The run came across in the second inning on a Melvin Mora sacrifice fly after a Stephen Drew double and a throwing error charged to Billingsley on a pickoff attempt – that Jamey Carroll gamely took responsibility for.

“Miscommunication. It was my fault,” Carroll told The Associated Press. “Obviously, I was supposed to cover. He threw it and nobody was there.”

Billingsley, who doubled (for the second time this season) to match the hit he allowed, lowered his season ERA to 3.36 even as his won-lost record fell to 2-3. Over his past six starts, Billingsley has a 1.91 ERA and 37 strikeouts in 42 1/3 innings against 42 baserunners.

Dodger starting pitchers have now thrown 22 consecutive innings without allowing an earned run (not counting the two rained-out frames by Jon Garland on Thursday) and have a 0.64 ERA over the past four starts.

The Dodger offense consisted of a walk and four hits – two by James Loney, including his first extra-base hit in 34 games since April 6, a leadoff eighth-inning double.

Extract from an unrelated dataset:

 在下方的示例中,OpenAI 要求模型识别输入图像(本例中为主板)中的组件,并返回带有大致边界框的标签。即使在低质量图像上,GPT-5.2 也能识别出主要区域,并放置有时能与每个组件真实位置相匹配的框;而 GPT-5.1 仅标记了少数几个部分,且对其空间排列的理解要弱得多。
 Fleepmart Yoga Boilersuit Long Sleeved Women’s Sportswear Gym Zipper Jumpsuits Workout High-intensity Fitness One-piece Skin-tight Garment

What happened next – a sacrifice by Rod Barajas and a pinch-hitting appearance by Dioner Navarro in place of Jerry Sands (Navarro struck out) – I’ll just say I would have done things differently than Don Mattingly did. ESPNLosAngeles.com’s Tony Jackson said it “might have been Mattingly’s worst-managed inning since he took over.”

But let’s face it – it’s not like the Dodgers didn’t have plenty of other opportunities to get something going against Josh Collmenter, who was making his first major-league start and allowed two hits and no walks over six innings and 71 pitches. At one point, Billingsley and Collmenter combined to retire 21 batters in a row, and there were no hits by either team in the third, fourth, fifth, sixth and seventh innings.

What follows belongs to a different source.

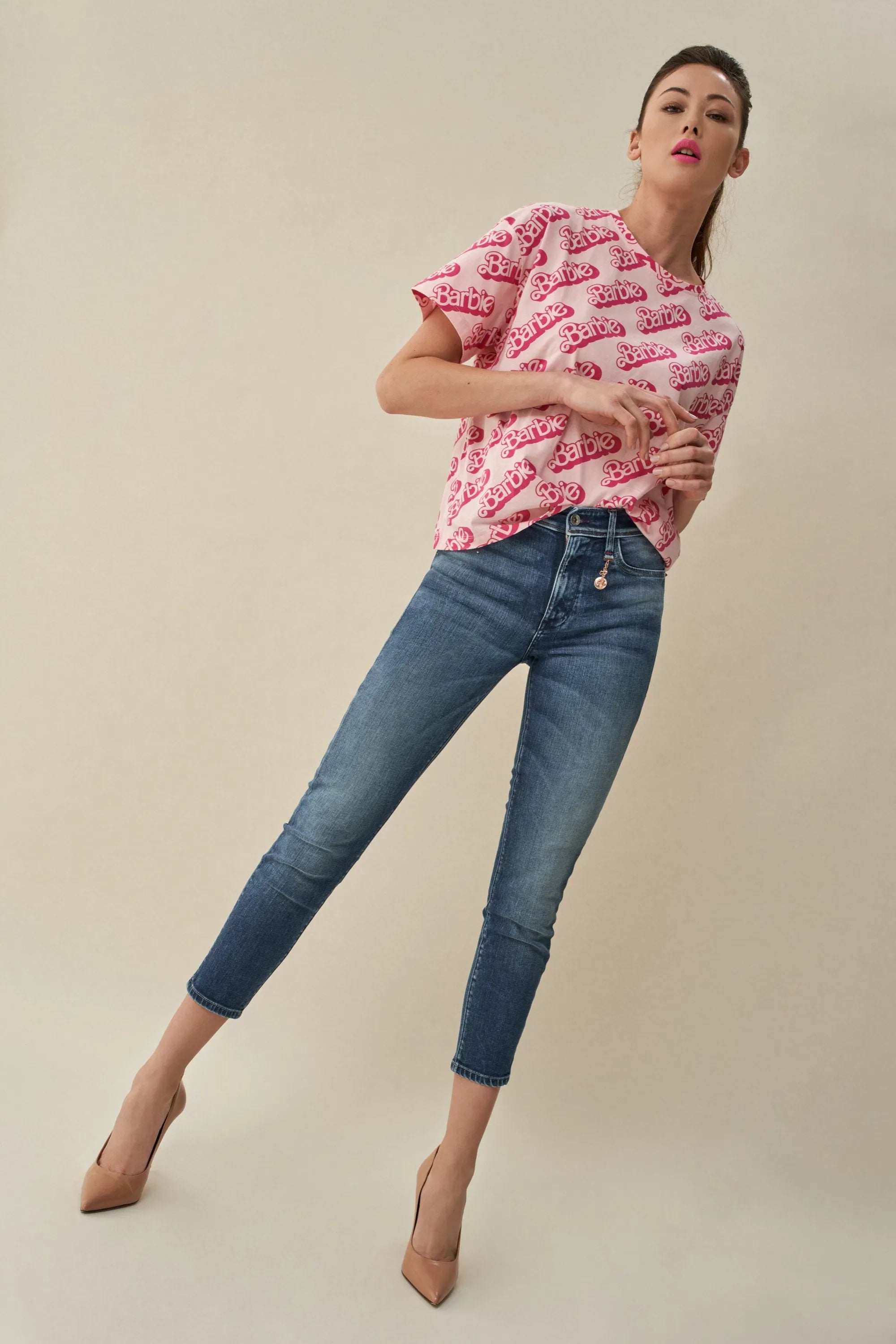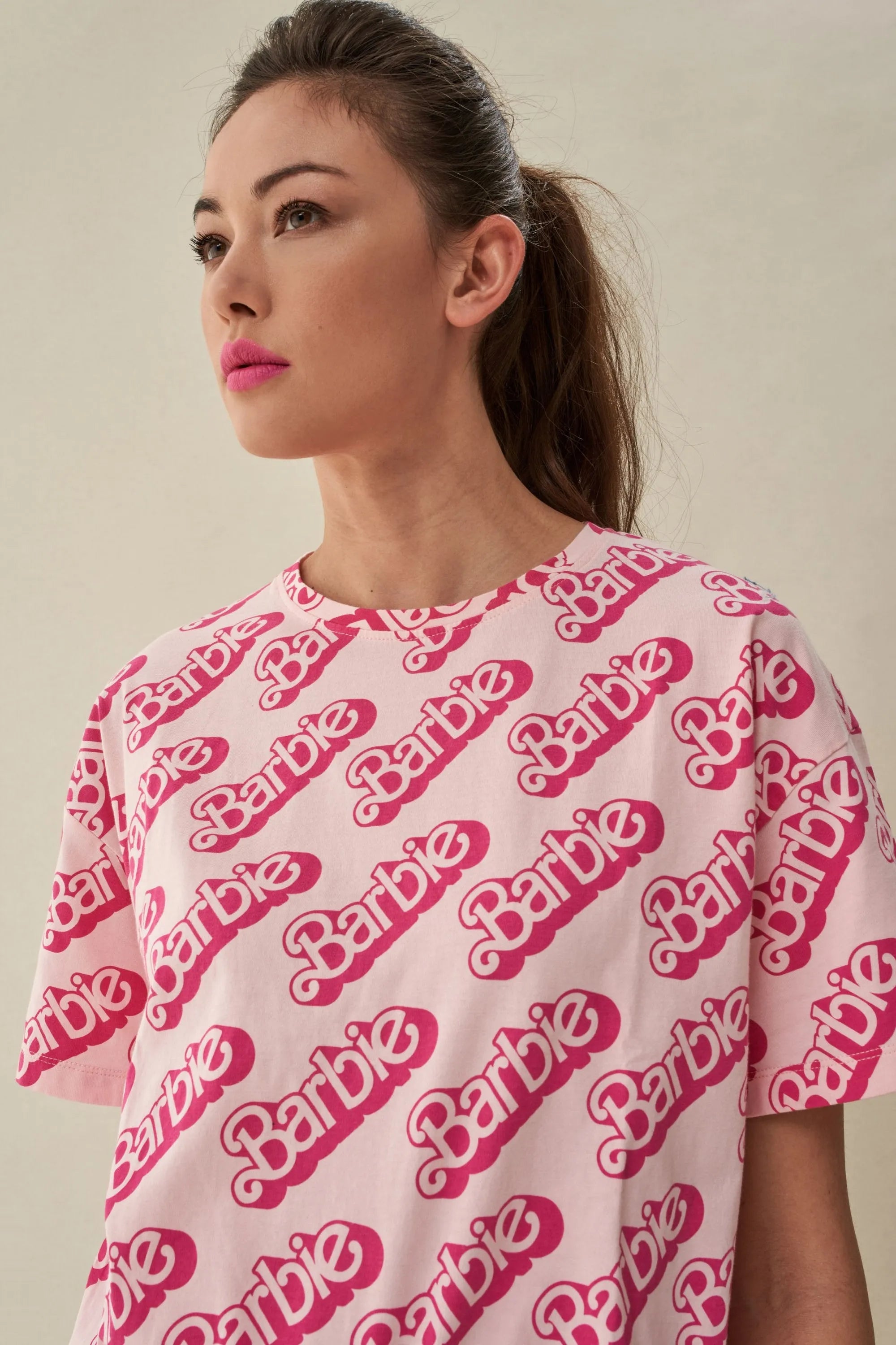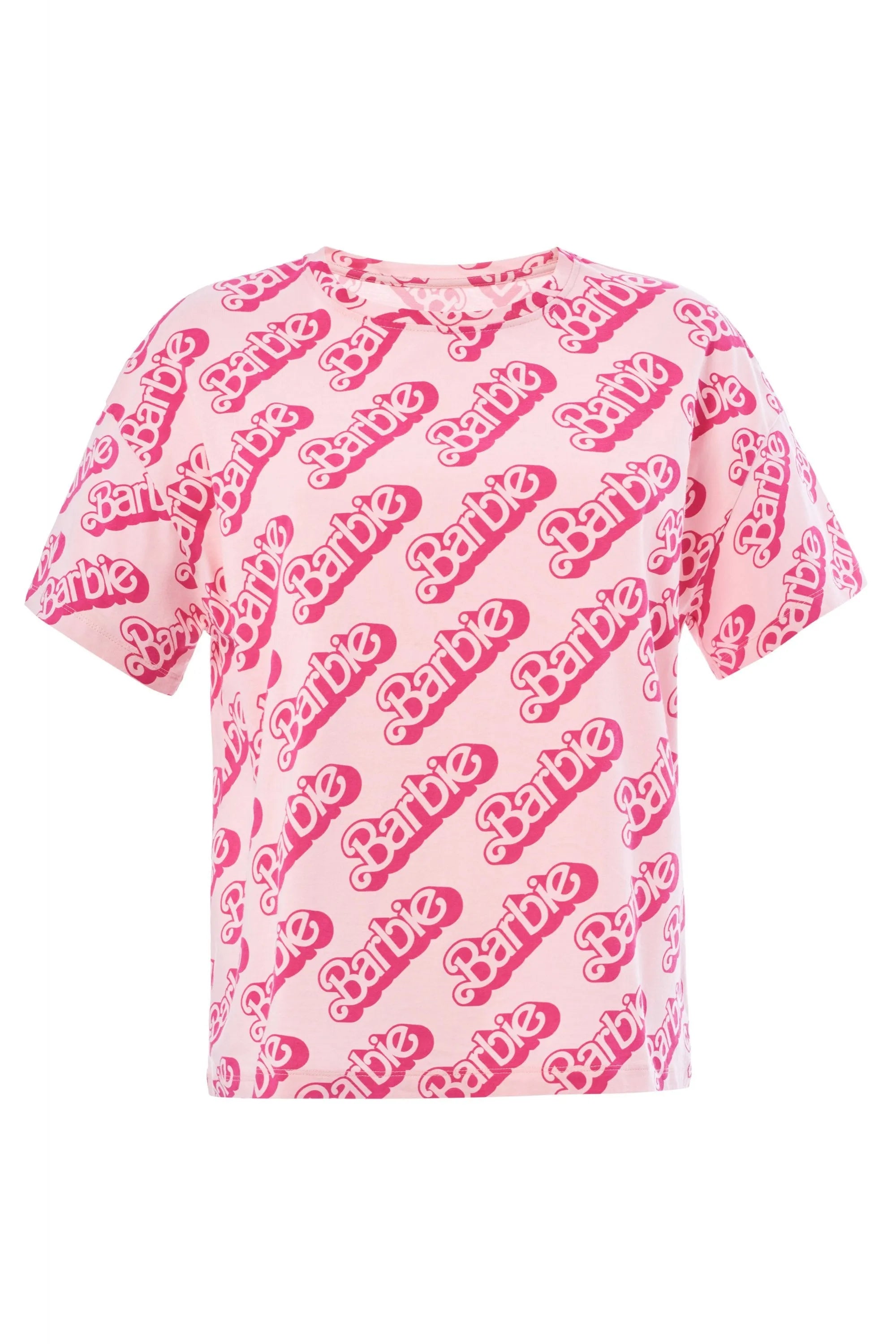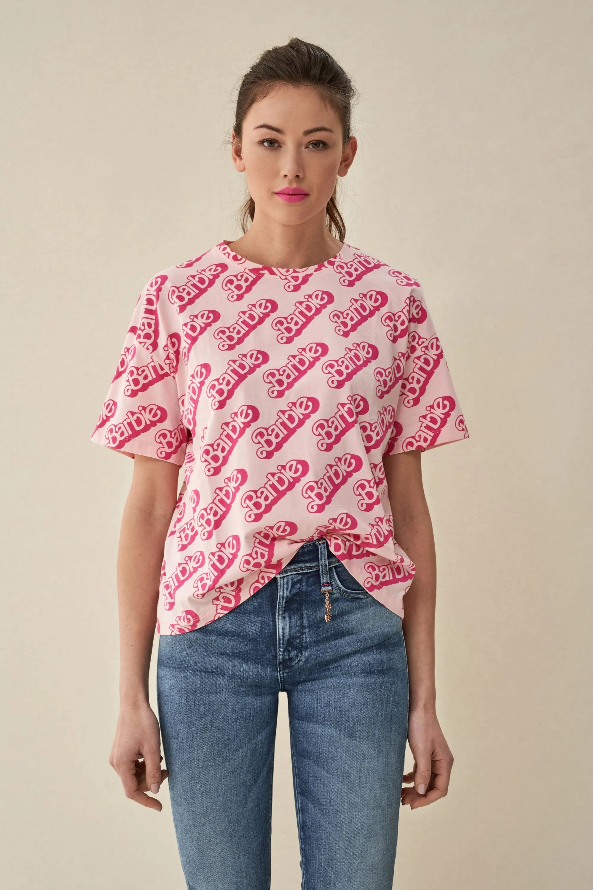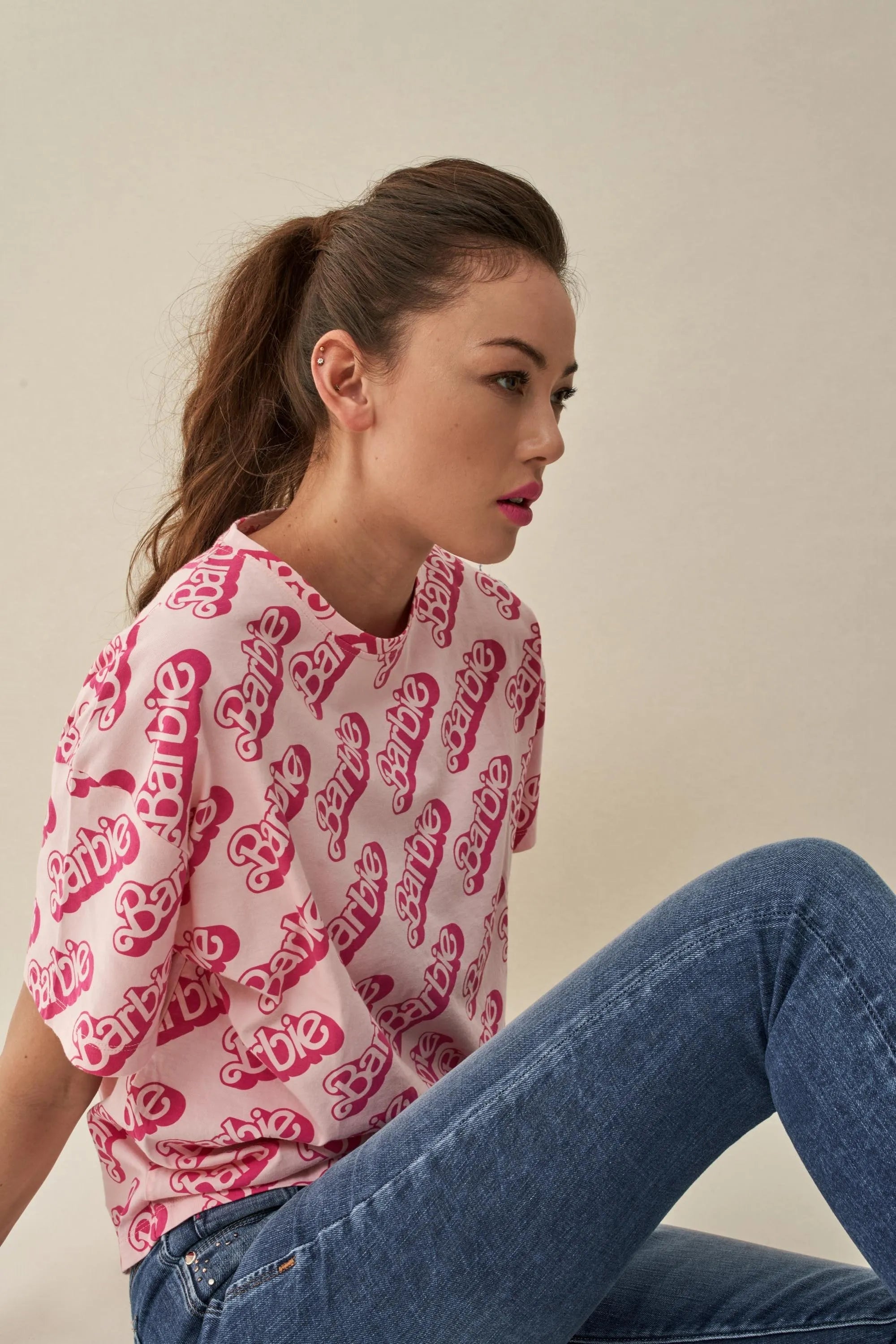 Celebramos la esencia da cada mujer con esta colección cápsula «Salsa x Barbie». Camiseta rosa con estampado "Barbie" allover. Cuello redondo. La modelo mide 180 cm y lleva la talla S.

In the ninth, Carroll singled and with one out, Andre Ethier walked (giving him 37 straight games reaching base), but Matt Kemp hit into a game-ending double play. “Arizona’s relievers have been charged with just one earned run over 33 innings during the team’s first 11 games this month,” said AP, a contrast from last season’s giveaway bullpen.

The Dodgers’ three-game winning streak ended with them missing their chance to reach 20-20 this season.